Championship Wrestling from Florida
- Acronym: CWF
- Founded: 1949
- Defunct: 1987
- Headquarters: Tampa, Florida
- Founder: "Cowboy" Clarence P. Luttrall
- Owner(s): Eddie Graham Hiro Matsuda Duke Keomuka

= Championship Wrestling from Florida =

American professional wrestling promotion

 Championship Wrestling from Florida (CWF) was the corporate and brand name of the Tampa, Florida, wrestling office existing from 1961, when Eddie Graham first bought into the promotion, until 1987, when it closed down. It is also referred to as Florida Championship Wrestling.

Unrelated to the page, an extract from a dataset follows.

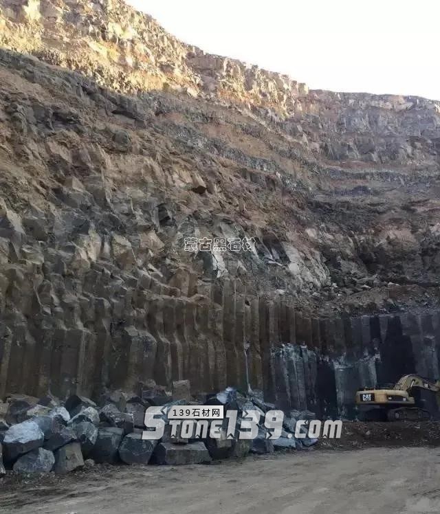 (蒙古黑礦山獨特的柱狀節理) 玄武巖獨特的礦山礦體結構

When Mike Graham tried a return to promoting, the rights to the name had been acquired by an outside party, forcing him to use another name, Florida Championship Wrestling.

==History==
===Founding===
The original owner and promoter was "Cowboy" Clarence Preston Luttrall, a former journeyman heel wrestler who once fought a widely publicized boxing match, resulting from a wrestling angle, with a forty-something Jack Dempsey. Luttrall opened the office in 1949, and Eddie Graham bought into the promotion in 1961, then took over completely in 1971 due to the declining health of Luttrall.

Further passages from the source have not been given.